The Success Automobile Manufacturing Company was a brass era United States automobile manufacturer, located at 532 De Ballviere Avenue, St. Louis, Missouri, in 1906.

Business concentrated on building high wheeler automobiles, mainly buggies.

The company 
The Success Automobile Manufacturing Company was founded in 1906 by John C. Higdon, who had built his first car in 1896; back then for experimental purposes only. Production started with a price of US$250 which was exceedingly low, even for high wheelers. It is the lowest nominal that a new car has ever been sold for, even lower than $260 Ford T in 1925. Later models became slightly more complex, and expensive. While Success always stayed with highwheelers, they got a twin cylinder engine in 1908 (singles being dropped at the end of that year), built a commercial car in 1908 only, and offered several new models in 1909, among them their only four-cylinder car. Two- and four cylinder engines were available with water or air cooling.

While Higdon was open to let people copy his construction back in 1896, and even publicly invited to do so, he became much more aware of patents and royalties when building cars on a commercial schedule. So, he took several competitors to court on this matter; among them the Economy Motor Buggy Company in Fort Wayne, Indiana, and the W. H. Kiblinger Company in Auburn, Indiana (a predecessor of the Auburn Automobile Company). Although, the Success Automobile Manufacturing Company folded before the end of this litigations.

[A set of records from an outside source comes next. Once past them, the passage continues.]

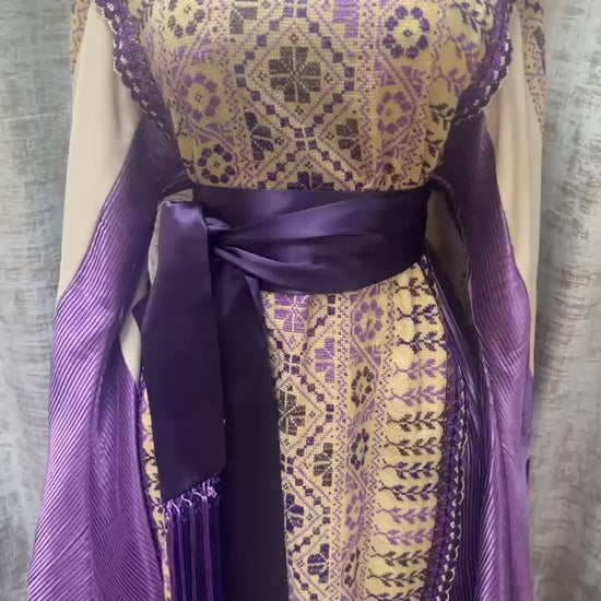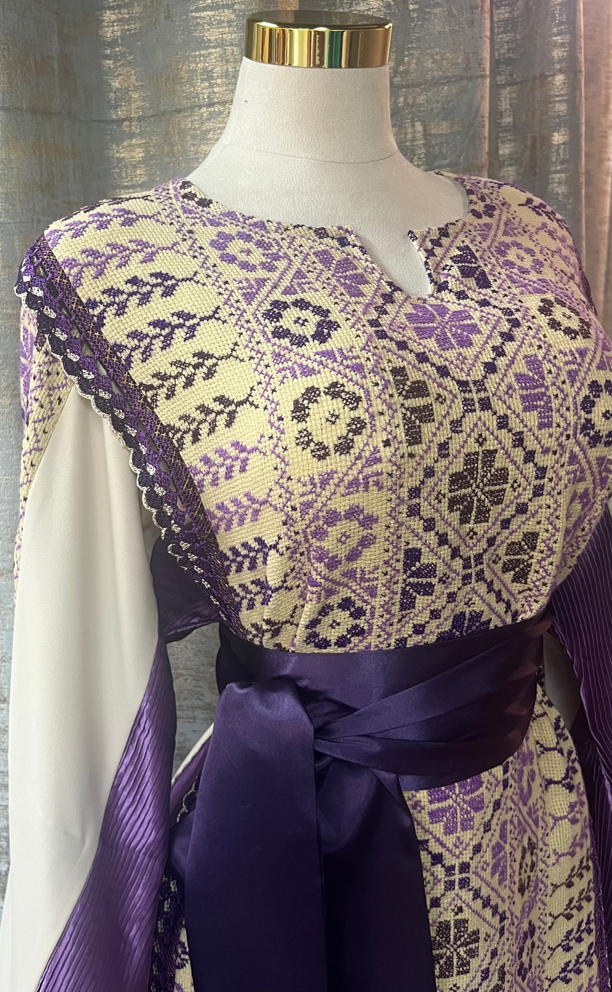 White Handmade Palestinian Thoob in Crepe and Purple Lame Modern Meets Traditional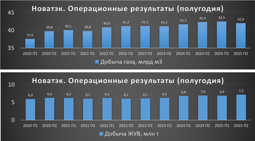 Если посмотреть на полугодовую динамику, то видим, что добыча газа в 2П 25 на 1% ниже рекордов 1П 25 и 2П 24. А добыча жидких углеводородов обновила рекорд. Правда, темпы роста не высокие.
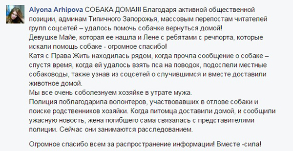 Запорожского пса, отказывающегося уйти с места гибели хозяина, вернули домой

It is estimated, that Success built ca. 600 vehicles.

Success Models A and B 

Success never offered models other than high wheelers. The initial Model A featured an air-cooled single cylinder gasoline engine of 3 x 3 in. bore and stroke, giving a capacity of 21,21 c.i. or 347.5 cm³, and delivered 2 to 3 HP., steel tires (rubber was available, for US$25 extra), and a 2-speed planetary transmission brought power via a single 
chain to a sprocket on the right rear wheel only. The engine was placed under the car, on the right side below the driver's seat. Front wheels had a diameter of 37 in. (940 mm), rear wheels of 41 in. (1041 mm).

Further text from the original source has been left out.